REQUIRED WORK: Retype the material below exactly, from its first line through the line with "- · Квартальный"; the pictures stay out.

SUPPLIED INFORMATION:
◇ ◇ ◇ ◇
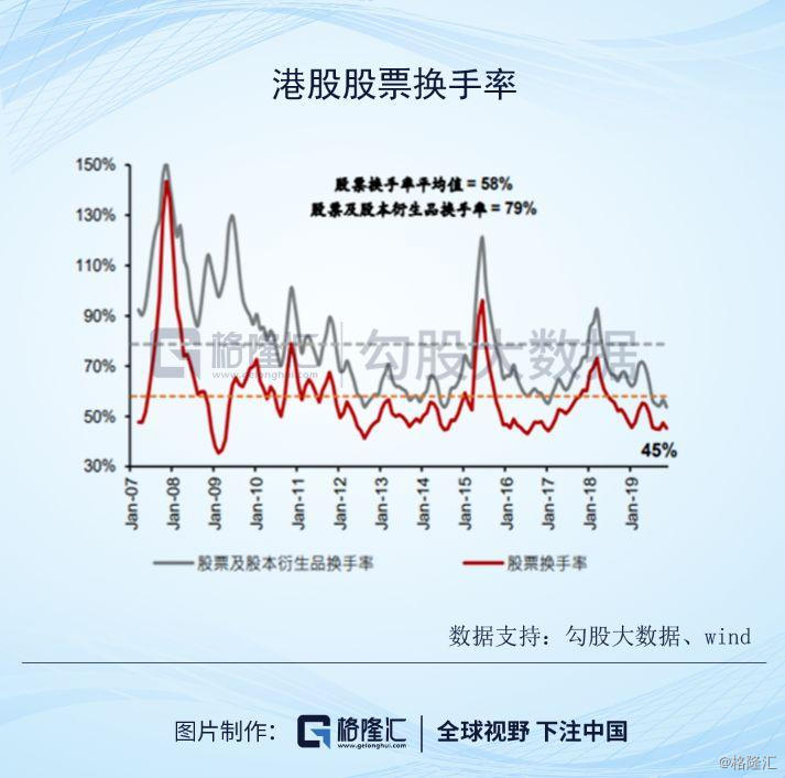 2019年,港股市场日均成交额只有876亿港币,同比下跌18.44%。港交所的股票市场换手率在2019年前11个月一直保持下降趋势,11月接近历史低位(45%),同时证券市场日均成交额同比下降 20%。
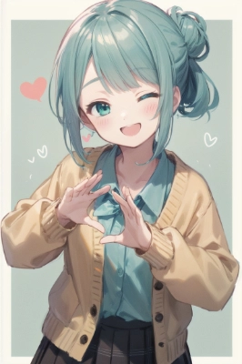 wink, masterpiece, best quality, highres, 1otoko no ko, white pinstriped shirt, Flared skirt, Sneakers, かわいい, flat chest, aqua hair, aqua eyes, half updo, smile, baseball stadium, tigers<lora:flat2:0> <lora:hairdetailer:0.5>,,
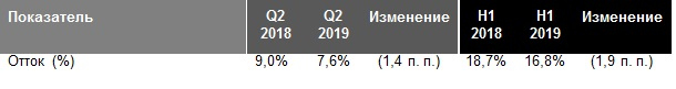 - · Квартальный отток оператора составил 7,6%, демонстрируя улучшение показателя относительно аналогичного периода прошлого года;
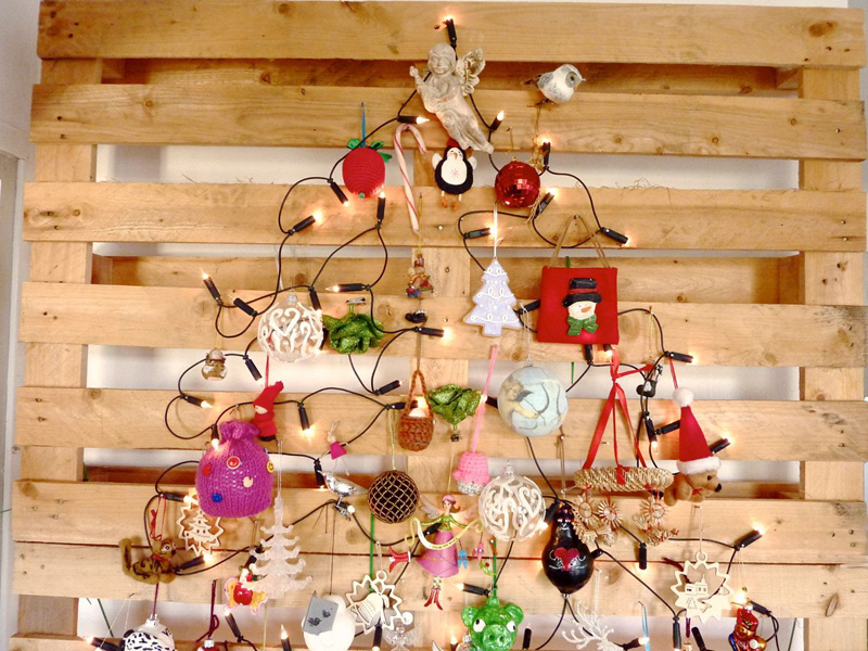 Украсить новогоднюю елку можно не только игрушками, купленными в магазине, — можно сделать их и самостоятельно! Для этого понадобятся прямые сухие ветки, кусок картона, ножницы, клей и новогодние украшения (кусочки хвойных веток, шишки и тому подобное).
◇ ◇ ◇ ◇
OUTPUT:
 2019年,港股市场日均成交额只有876亿港币,同比下跌18.44%。港交所的股票市场换手率在2019年前11个月一直保持下降趋势,11月接近历史低位(45%),同时证券市场日均成交额同比下降 20%。
 wink, masterpiece, best quality, highres, 1otoko no ko, white pinstriped shirt, Flared skirt, Sneakers, かわいい, flat chest, aqua hair, aqua eyes, half updo, smile, baseball stadium, tigers<lora:flat2:0> <lora:hairdetailer:0.5>,,
 - · Квартальный отток оператора составил 7,6%, демонстрируя улучшение показателя относительно аналогичного периода прошлого года;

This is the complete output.